Intervention de Fabien Jobard

Réunion du mercredi 14 octobre 2020 à 15h00
Commission d'enquête relative à l'état des lieux, la déontologie, les pratiques et les doctrines de maintien de l'ordre

Fabien Jobard, sociologue, directeur de recherche au CNRS :

Vous avez demandé comment faisaient les policiers allemands pour rétablir l'ordre. Ils disposent de deux armes : d'une part, le nombre. Vous serez surpris en regardant des photos de manifestations dont on peut s'attendre qu'elles soient tendues : manifestations d'extrême droite, d'extrême gauche et très souvent manifestations et contre-manifestations. C'est le lot des manifestations problématiques en Allemagne. Les policiers sont donc en surnombre. Il y a de cela un peu plus de vingt ans, la police et la gendarmerie me disaient qu'il fallait montrer leurs forces pour ne pas avoir à s'en servir. Je puis vous assurer que les policiers allemands n'ont pas à s'en servir.

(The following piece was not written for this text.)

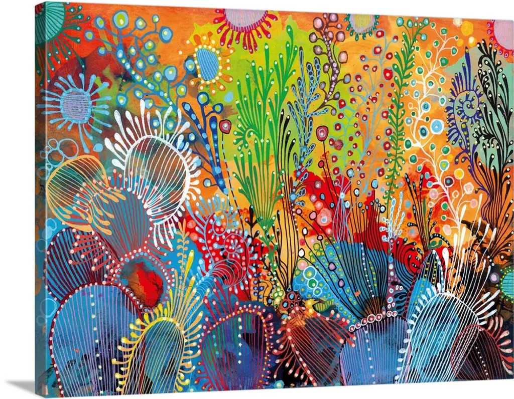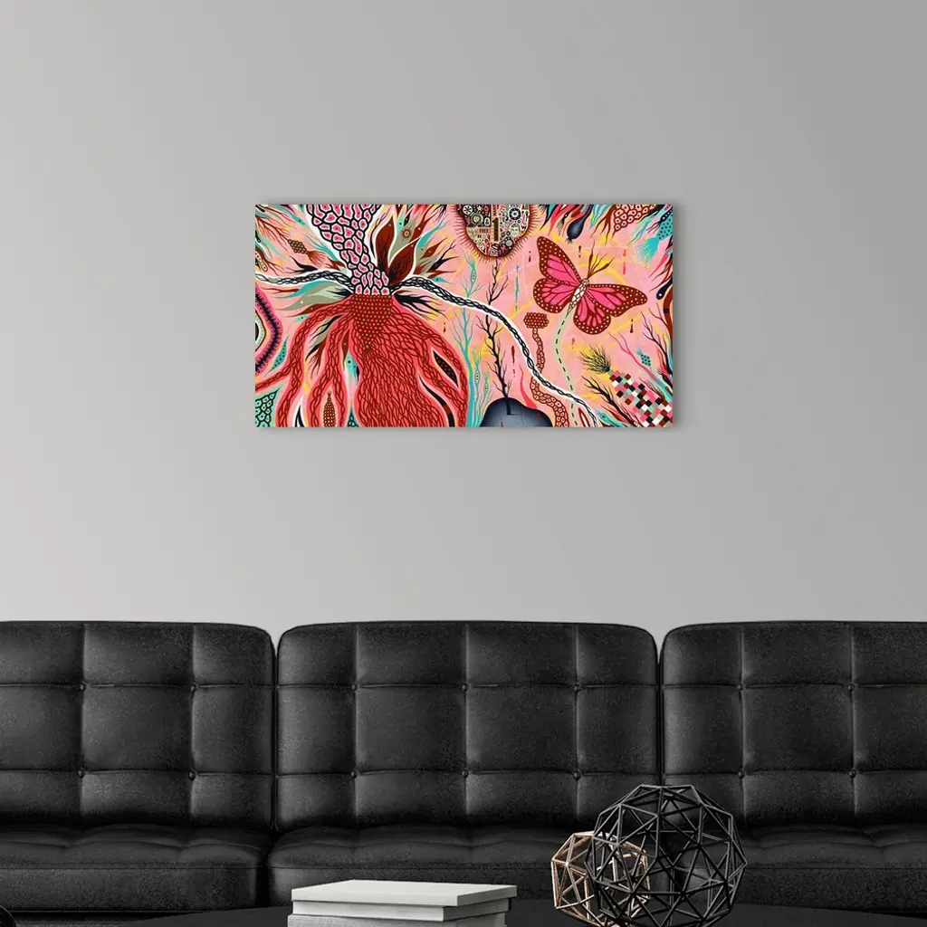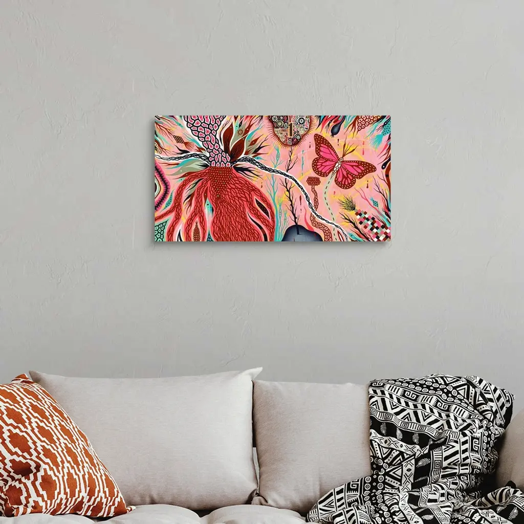 Abstract contemporary artwork in shades of pink and turquoise with a butterfly and floral shapes.
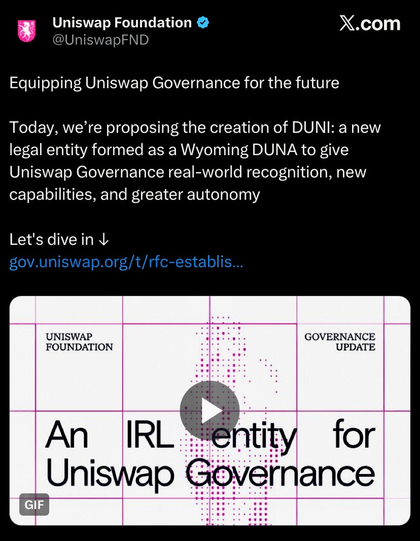 Uniswap Foundation proposed forming a legal entity for their DAO under Wyoming’s “DUNA” legal framework for DAOs, seeking $16.5M in UNI for taxes and legal costs, paving the way to activate protocol fees.

Autre équipement privilégié : le canon à eau. Je précise que si la puissance du jet du canon à eau est réglée au maximum, il s'agit d'une arme très douloureuse. À Stuttgart, en 2010, un manifestant s'est fait énucléer et a perdu l'usage de ses deux yeux. Du reste, l'État du Bade-Wurtemberg s'est fait condamner et a indemnisé le manifestant, si ma mémoire est bonne, à hauteur de 120 000 euros. C'est une arme, un moyen qui permet d'éloigner les foules, – et la réponse à votre question est dans votre question même – à la différence du LBD qui est une arme de légitime défense de soi ou d'autrui, ce n'est pas une arme de gestion des foules. Il s'agit là d'un sujet dont nous nous sommes longuement entretenus avec vous, monsieur le président.

Dans le domaine du maintien de l'ordre, l'intervention policière repose sur le principe de l'opportunité et du discernement. On ne peut pas considérer que la moindre infraction doit faire l'objet d'une sanction immédiate au prétexte que force doit rester à la loi. Force restera à la loi en dernière instance, pour ainsi dire, sur le long terme. Les institutions ne sauraient être menacées. S'agissant de la mise en mouvement de forces à vocation répressive destinées à faire cesser des infractions, cela doit rester du domaine de l'appréciation in concreto, sur le moment, et non pas un précepte général tel que force doit rester à la loi, sauf à se placer dans une dynamique d'escalade garantie.